I used to be afraid of them. Sat and watched one spin its web once and frankly any creature that can create something like that is beautiful. Nothing but spider respect now.


----------



## Jennywocky (Aug 7, 2009)

Conflicted. I have a visceral fear response to them, I just get creeped out regardless of how much I learn.

However, I'm also kind of counter-phobic and feel a compulsion to observe their behavior as long as I know they can't/won't touch me. They's unsettling and fascinating all at once.


----------



## Empty (Sep 28, 2011)

I can't help but feel a bit sad for those who have an intrinsic fear of spiders now. =(


----------



## Scelerat (Oct 21, 2012)

I have a deal with them, as long as I don't see them I won't go looking. If I see them, they die.


----------



## geekofalltrades (Feb 8, 2012)

Spiders are bros. When I see them in my house, I give them non-gender-specific names (Sam, Pat, Morgan, etc), because who can tell, with spiders?

The only exception is when they try to get in bed with me. It's happened a couple times. We used to have Giant House Spiders (up to four inches across, legs included) in my house, and I woke up one morning to find that one had crawled into bed with me. Don't worry, it wasn't alive. At some point in the night, I rolled over and smashed it onto my pillow with my face.


----------



## Jax (Jun 30, 2012)

I have to agree with Jennywocky here. I have the strangest relationship with spiders. On one hand, they really are fascinating creatures. They are fantastic predators and it really is a joy to watch them work. One day I want to find a spider weaving a web and just dedicate a day to watching the process. They are also indeed useful housemates in that they do keep other pests away.

Still, I do have a knee-jerk reaction of fear towards them. It's something encoded in us, I believe. I see one near me, I do freak out a little. I don't kill them, though. I just shoo the fellows off on their own business. Now, you put it behind glass and I will observe it up close all day long. It is the thought of them crawling on my skin that freaks me out.
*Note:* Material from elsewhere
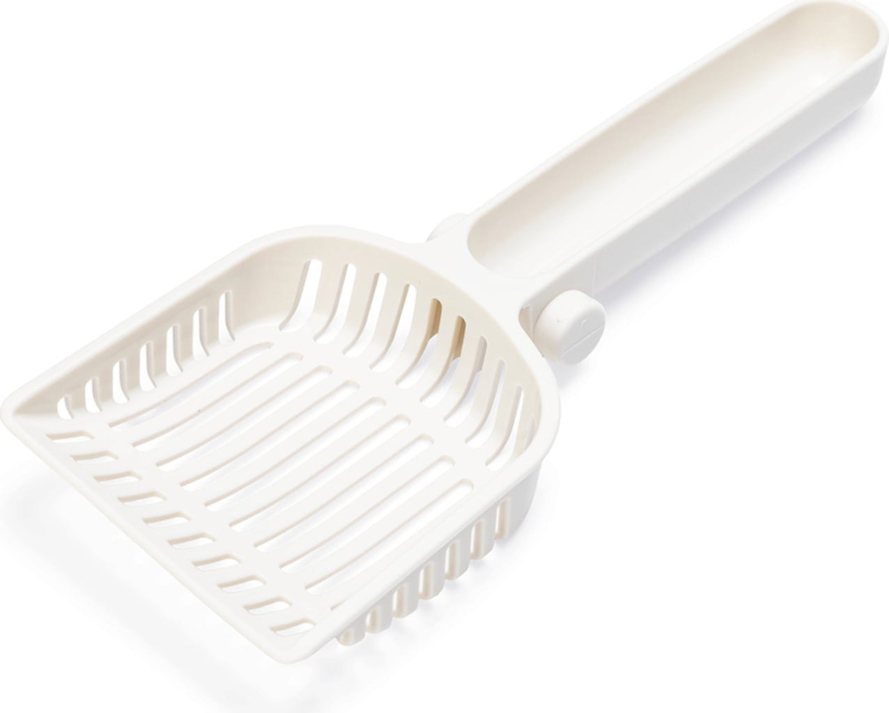 Additional features include an odour filter to keep smells contained, a front flap for easy access, and a bonus poop scoop for quick cleanup.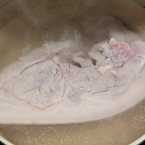 1. 끓는 물에 소금을 넣은 후 고기를 통으로 넣는다.

Take away that and we're good.

So, in short: Yeah, Spiderbro and me are cool, but they really need to learn about my personal bubble.


----------



## MegaTuxRacer (Sep 7, 2011)

What if you have 2000 spiders?


----------



## braided pain (Jul 6, 2012)

MegaTuxRacer said:


> What if you have 2000 spiders?


We're gonna need a bigger broom.


----------



## Cathartes (Jul 8, 2013)

Nope nope nope. I understand how illogical it is to fear something so small and harmless (where I live in Canada they're not poisonous or anything), and I understand that it's mostly "fear of the unknown" and all that, and I don't mind the "idea" of spiders, or information about them, I think they're amazing and necessary in the world (theoretically), so long as I can't SEE them and they don't come anywhere near me. I think it's because I already have trypophobia, so all those eyes and legs, their general behaviour and appearance, egg sacks and all that, I just can't. They're just... chaotic. Their existence is chaotic, to me. They're like little clusterfucks of eyes and legs and nests and they ball up sometimes when they're scared or whatever and ughhhh no. It's just too much going on, and then they move so quickly...

So naturally my house is full of them. I know people with mice in their house, snakes, bats, nope, I've got spiders. I'd take ANYTHING else, and the divine fate of the world or whatever gave me spiders.


----------



## Bahburah (Jul 25, 2013)

Supposedly your always within 3 feet of a spider. 

Like others have said, I'm scared of them but that fear creates curiosity. 

I like drain spiders because there all back, I think they evolved this way because our sinks and tubs are typically white and there blackness makes them more feared against the white background. 

I think they would survive more from humans if they evolved cuter, but probably not from bugs, and there already scarring most of us into not killing them anyways. 






I hate when they run...


----------